In their effort to continue California’s version of Obama Care, the deal establishes a fine of $695 for residents who cannot prove they have health insurance. Proceeds are supposed to go to a fund to subsidize insurance for middle income residents.
The budget deal also continues to treat the state’s climate change cap-and-trade money as the piggybank to raid. Former Gov. Brown convinced the Legislature to devote 25 percent of the revenue to his absurd high-speed rail project—that funding has propped up a horrible project that simply should go away.
This time around, Gov. Newsom and the Democrats (who hold a two-thirds majority in both houses) diverted $130 million of those funds to provide clean drinking water to the estimated million state residents who are served by wells or small water systems that cannot treat water to drinking water standards. Many are in small, rural communities in the San Joaquin Valley.

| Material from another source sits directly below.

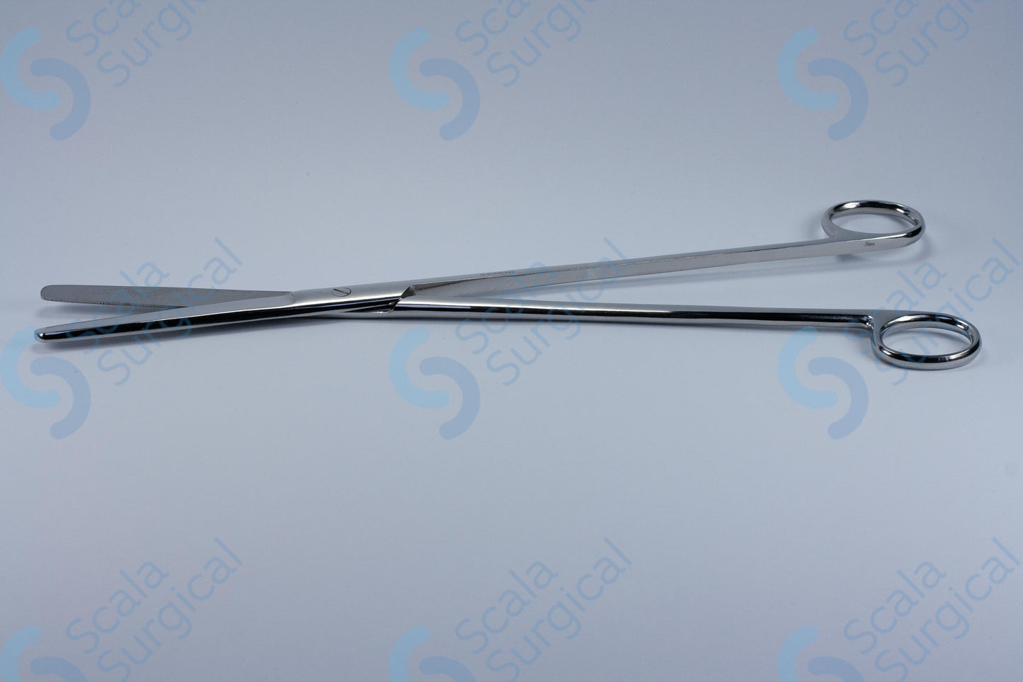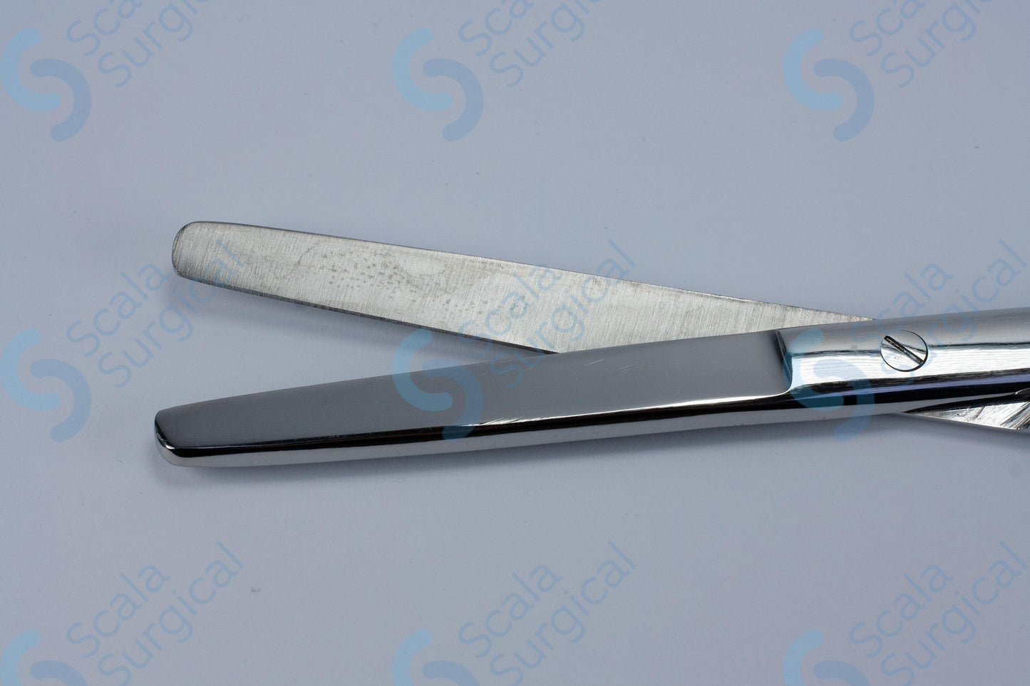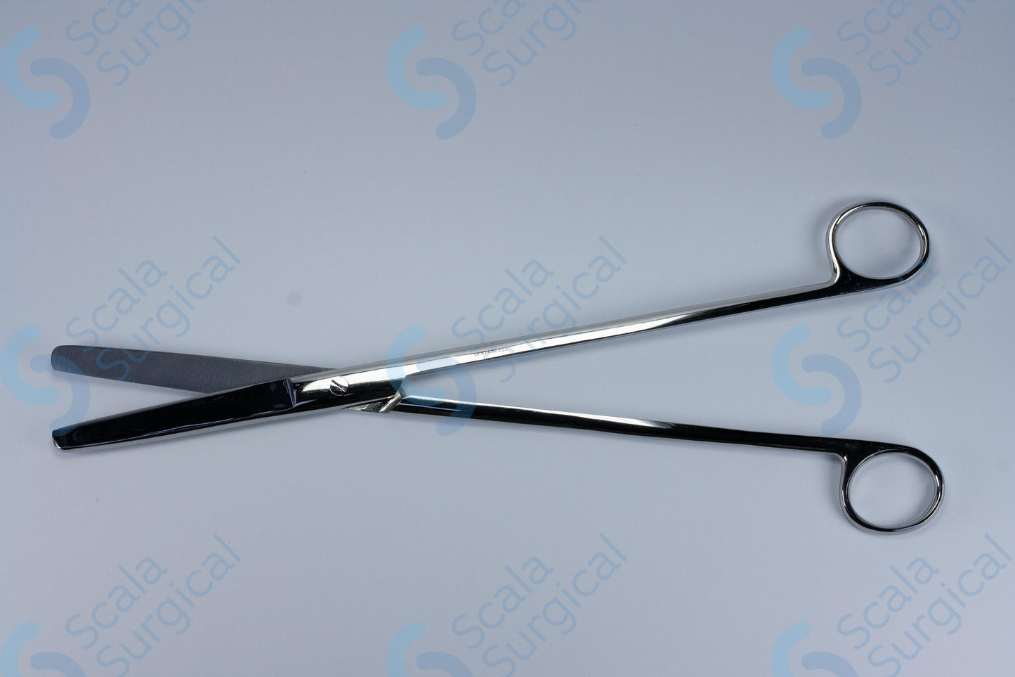 Dressing scissors blunt / blunt straight (305mm) (12 inch) are a type of surgical scissors used to cut through medical dressings and bandages. They have a straight, blunt tip and are typically 305mm (12 inch) in length. They are designed to prevent accidental cuts to the patient's skin.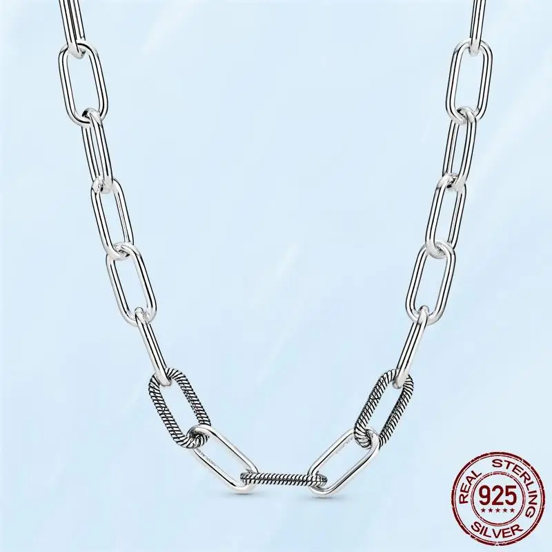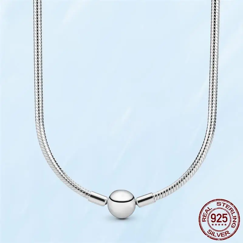 Лидер продаж, оригинальное ожерелье из серебра 925 пробы в виде змеиной цепочки, подходит для оригинальной Pamura, женская бижутерия для вечеринки и свадьбы, подарок

The governor originally had proposed a statewide monthly tax on all water users, a recommendation that was strongly opposed by water agencies as well as legislators. Opponents acknowledged the issue and the need to deal with it, but objected to another tax with the state gushing revenue and a strong surplus.
The healthy revenue, most coming from wealthy Californians (the top 1 percent pay about half of the state’s income tax), has allowed Newsom to continue to build the rainy day surplus fund that Brown pushed so hard to increase. The current economic expansion will become the longest ever this summer and both Brown and Newsom warned it cannot last forever. The $213 billion budget includes a $21 billion reserve.
It’s also notable that neither the governor nor legislators established expensive new ongoing programs with so much cash on hand. That restraint will be rewarded come the day the economy slows, initial public offerings (which will be a substantial windfall in 2020 given the number that have occurred or are planned this year) slow and revenues drop.